** PROVIDED DATA **
= Beginning of Section =

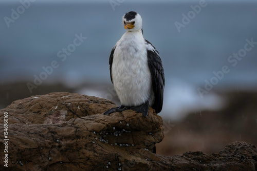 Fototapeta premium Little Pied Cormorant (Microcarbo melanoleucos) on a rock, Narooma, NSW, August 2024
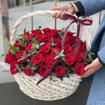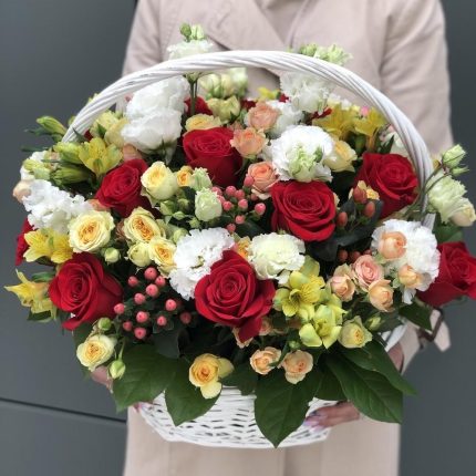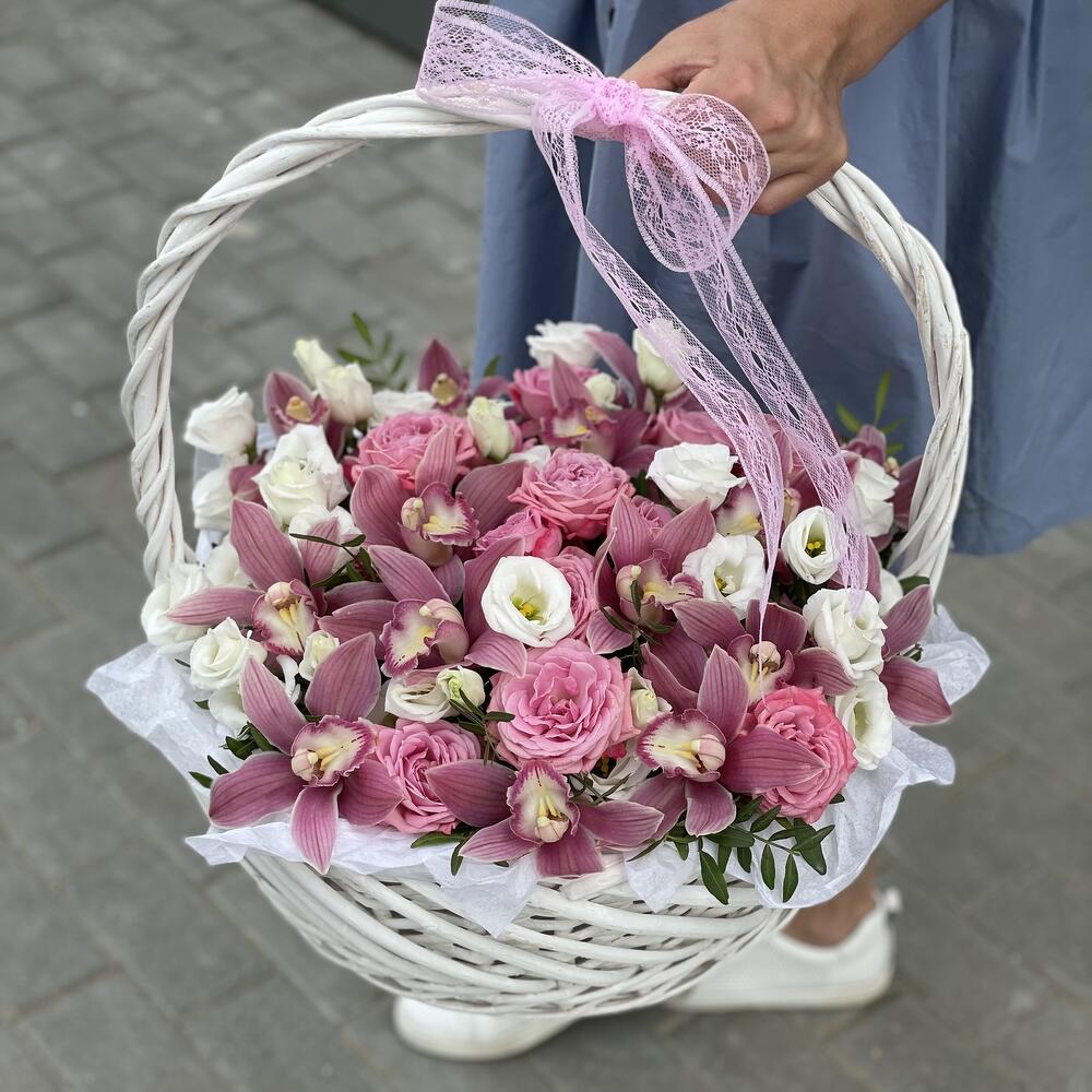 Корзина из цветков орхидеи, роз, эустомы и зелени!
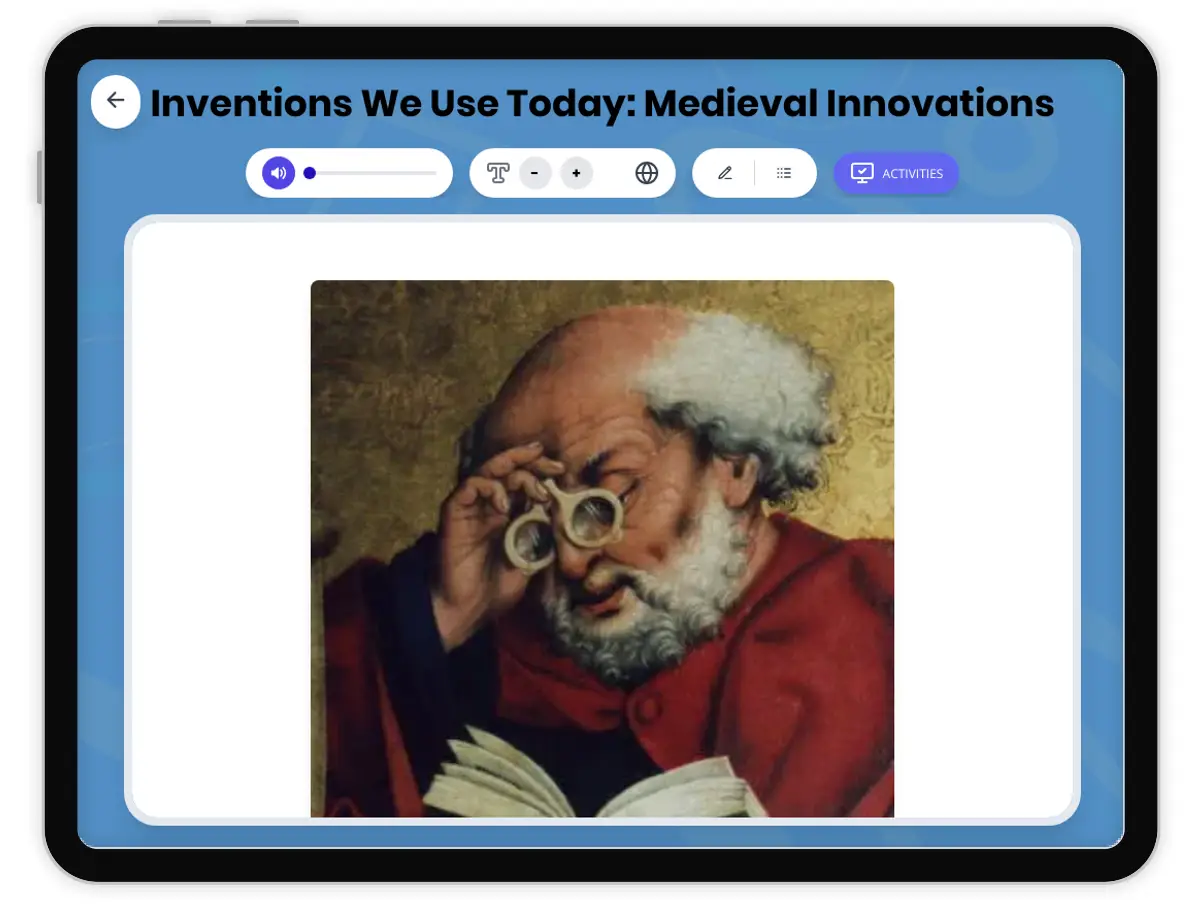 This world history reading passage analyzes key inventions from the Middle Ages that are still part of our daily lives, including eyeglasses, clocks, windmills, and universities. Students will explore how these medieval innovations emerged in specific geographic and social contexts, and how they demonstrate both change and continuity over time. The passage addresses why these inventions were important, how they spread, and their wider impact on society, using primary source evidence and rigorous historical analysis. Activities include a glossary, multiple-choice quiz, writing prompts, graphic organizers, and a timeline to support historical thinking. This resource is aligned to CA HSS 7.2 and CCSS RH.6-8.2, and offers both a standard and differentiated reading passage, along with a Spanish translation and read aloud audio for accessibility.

= End of Section =

** ACTIVITY **
No pictures, please. Output the listing above exactly as it stands.

** SOLUTION **
 Fototapeta premium Little Pied Cormorant (Microcarbo melanoleucos) on a rock, Narooma, NSW, August 2024
 Корзина из цветков орхидеи, роз, эустомы и зелени!
 This world history reading passage analyzes key inventions from the Middle Ages that are still part of our daily lives, including eyeglasses, clocks, windmills, and universities. Students will explore how these medieval innovations emerged in specific geographic and social contexts, and how they demonstrate both change and continuity over time. The passage addresses why these inventions were important, how they spread, and their wider impact on society, using primary source evidence and rigorous historical analysis. Activities include a glossary, multiple-choice quiz, writing prompts, graphic organizers, and a timeline to support historical thinking. This resource is aligned to CA HSS 7.2 and CCSS RH.6-8.2, and offers both a standard and differentiated reading passage, along with a Spanish translation and read aloud audio for accessibility.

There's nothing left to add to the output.